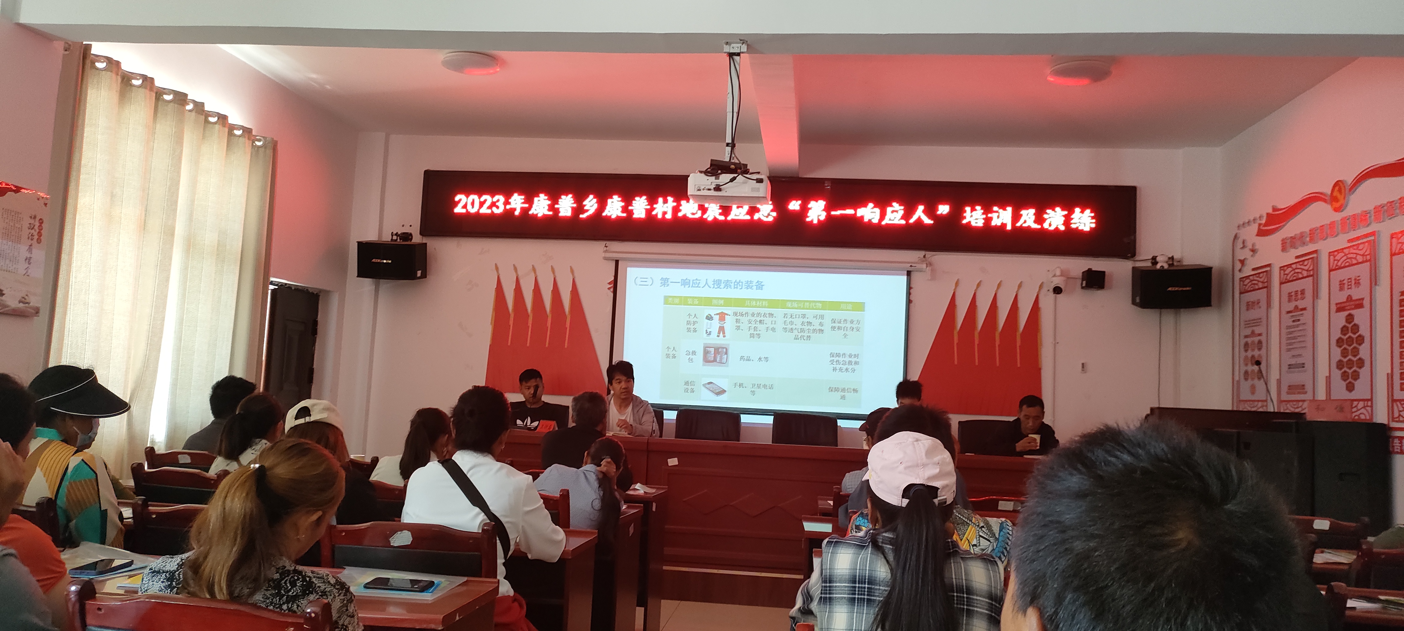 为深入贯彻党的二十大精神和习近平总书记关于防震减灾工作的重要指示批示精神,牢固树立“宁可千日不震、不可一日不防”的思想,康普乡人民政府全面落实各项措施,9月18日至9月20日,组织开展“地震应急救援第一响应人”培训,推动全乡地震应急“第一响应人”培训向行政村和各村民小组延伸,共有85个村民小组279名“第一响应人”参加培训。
...
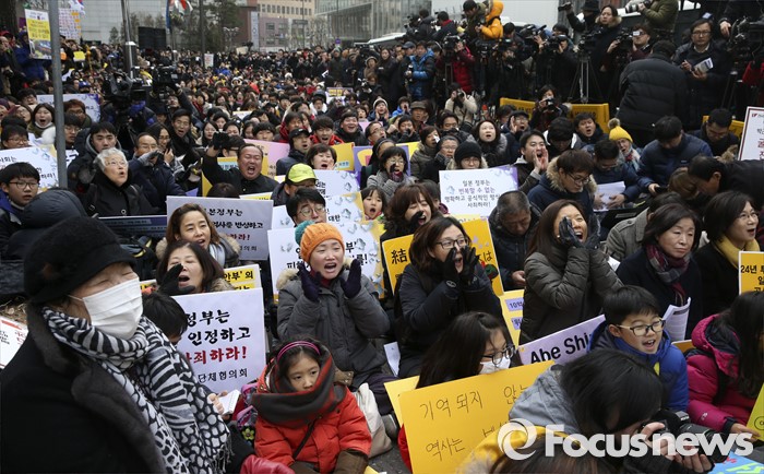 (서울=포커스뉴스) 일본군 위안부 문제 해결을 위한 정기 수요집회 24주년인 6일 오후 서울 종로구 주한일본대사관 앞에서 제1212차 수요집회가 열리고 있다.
==
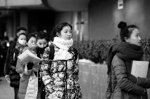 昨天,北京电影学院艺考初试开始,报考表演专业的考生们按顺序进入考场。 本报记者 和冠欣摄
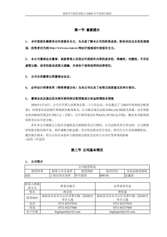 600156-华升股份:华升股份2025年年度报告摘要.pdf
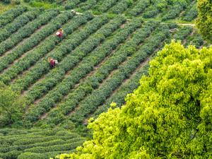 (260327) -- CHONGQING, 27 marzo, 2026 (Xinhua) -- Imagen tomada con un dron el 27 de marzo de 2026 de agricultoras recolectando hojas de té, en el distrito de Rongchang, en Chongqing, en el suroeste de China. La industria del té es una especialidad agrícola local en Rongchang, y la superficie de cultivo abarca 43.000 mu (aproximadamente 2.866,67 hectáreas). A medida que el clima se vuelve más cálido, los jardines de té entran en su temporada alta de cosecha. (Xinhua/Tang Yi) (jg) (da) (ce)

Problem — Look above for the line with "600156-华升股份:华升股份2025年年度报告摘要.pdf" and the line with "(260327) -- CHONGQING, 27"; set down those two lines and all lines between them exactly, without pictures and without anything else.

Finished task —
 600156-华升股份:华升股份2025年年度报告摘要.pdf
 (260327) -- CHONGQING, 27 marzo, 2026 (Xinhua) -- Imagen tomada con un dron el 27 de marzo de 2026 de agricultoras recolectando hojas de té, en el distrito de Rongchang, en Chongqing, en el suroeste de China. La industria del té es una especialidad agrícola local en Rongchang, y la superficie de cultivo abarca 43.000 mu (aproximadamente 2.866,67 hectáreas). A medida que el clima se vuelve más cálido, los jardines de té entran en su temporada alta de cosecha. (Xinhua/Tang Yi) (jg) (da) (ce)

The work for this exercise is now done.